Businesses are “being actively encouraged to pay off outstanding loans”, according to the latest agents’ summary of business conditions, which surveyed firms between late April and the end of May.

Small companies are complaining about the fees being charged for undrawn overdraft facilities, the agents added.

There were also strong indications of a continued lack of demand for finance from businesses, with the focus still on paying down debts and the appetite to borrow often “very low”.

In a further sign of the general lack of confidence, companies are becoming more cautious about providing credit to firms in their supply chains.

Despite the lending constraints, the strongest applicants for finance actually found that “competition between lenders … had intensified”.

“Companies with strong balance sheets tended to be able to borrow at reasonable terms,” the agents noted.

Christopher Shaw, chief executive of alternative finance firm Platform Black, said banks had turned “off the tap on lending” for all but the very lowest credit risks.
“There’s a real danger that this will have a chilling effect on the economy, even before the recovery has taken root.

“For the economy to start growing in earnest, [small businesses] need to grow and to grow they need funds. Currently, those funds simply aren’t there. The engine of the economy needs fuel but it’s simply not getting it.”

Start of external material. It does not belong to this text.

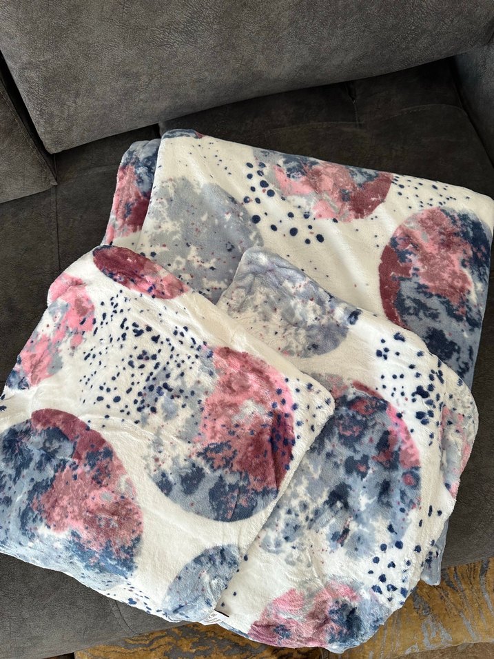 gri ve çok renkli batik desenli, yumuşak sentetik kumaştan yapılmış battaniye. ️ yatak örtüsü, çift kişilik. Kırlent kılıfı da var

Separately, there were signs that the debt crisis in the eurozone is hitting British exports, with the agents noting that sales to Europe “had weakened materially” over the last month while the prospect of a further strengthening of the pound is causing “widespread concerns” among exporters.

However, overall exports “grew steadily”, driven by increased demand in a number of emerging markets, especially for luxury goods in China and Russia, investment in energy and infrastructure in the Middle East and mining in Africa.
More companies are looking abroad for the first time, the agents said, with the focus on “rapid growth markets” to offset weak demand at home.